Tried the amazon link - didn't work. How about pay pal?


----------



## Kevin (Oct 4, 2000)

fishfoote, I just tried the Amazon page and it worked. You may have to hit reload or refresh.

Paypal works as well, see the discussion on this page:
Classified Commission Donations


----------



## Steve (Jan 15, 2000)

Try the amazon link again. It just worked for me. It's easier to track our overall progress this way although I WILL provide some totals showing the amount that was contributed via checks as well.


----------



## kbkrause (Feb 12, 2002)

Just submitted my donation...


----------



## Fishfoote (Jan 2, 2001)

Said the recipent was unable to accept payments through the honor system?

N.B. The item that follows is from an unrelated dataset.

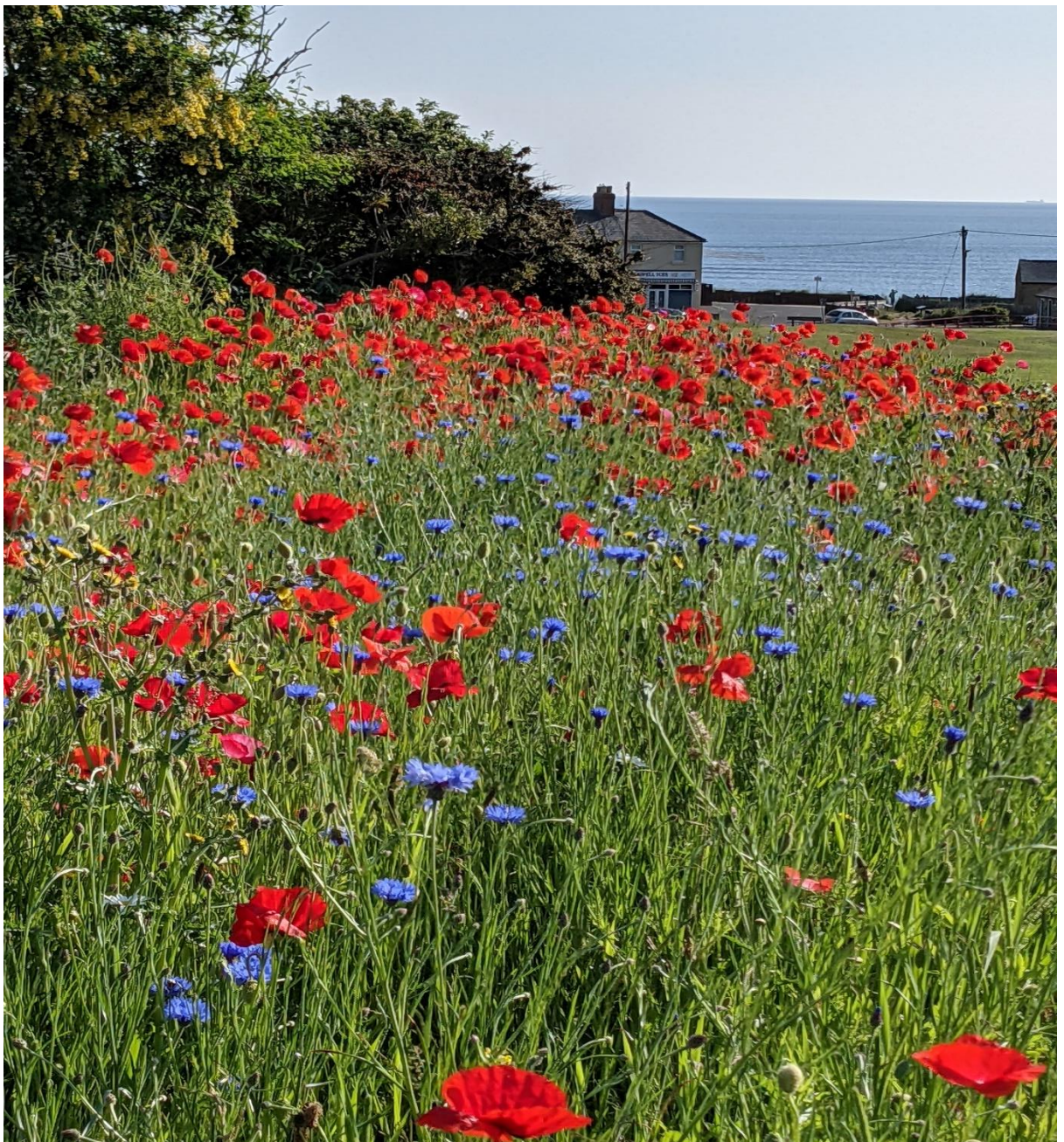
Wildflower area on Village Green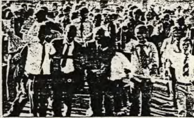
Mass action by all sections of the oppressed and democratic forces is a prerequisite for victory.

society. We must know that it is impossible to get rid of this racist educational system until the whole system of apartheid and its exploitative nature has been radically changed. Educational struggles have to be seen in this context.

Recipient Unable to Receive Payments

--------------------------------------------------------------------------------
We are not able to continue with this transaction because the recipient is unable to receive payments through the Amazon Honor System at this time.
Please try again at a later time.


----------



## bounty hunter (Aug 7, 2002)

We are not able to continue with this transaction because the recipient is unable to receive payments through the Amazon Honor System at this time. what is this about?


----------



## Houghton laker (Jan 5, 2002)

Houghton laker's son:
Hey guys,

How much do you pay for hosting/ how much bandwidth do you use? My friend does some hosting and its darn cheap. http://www.kazsolutions.com

You might want to check it out


----------



## Steve (Jan 15, 2000)

"Up to 35GB monthly transfer " as specified on their website isn't going to get it done. We went through 100Gb last month.


----------



## KrazyKletus (Feb 6, 2002)

The check for $25.00 went out today
Keep up the great work.
This is, by far, the best site for Michigan Sportsmen!


----------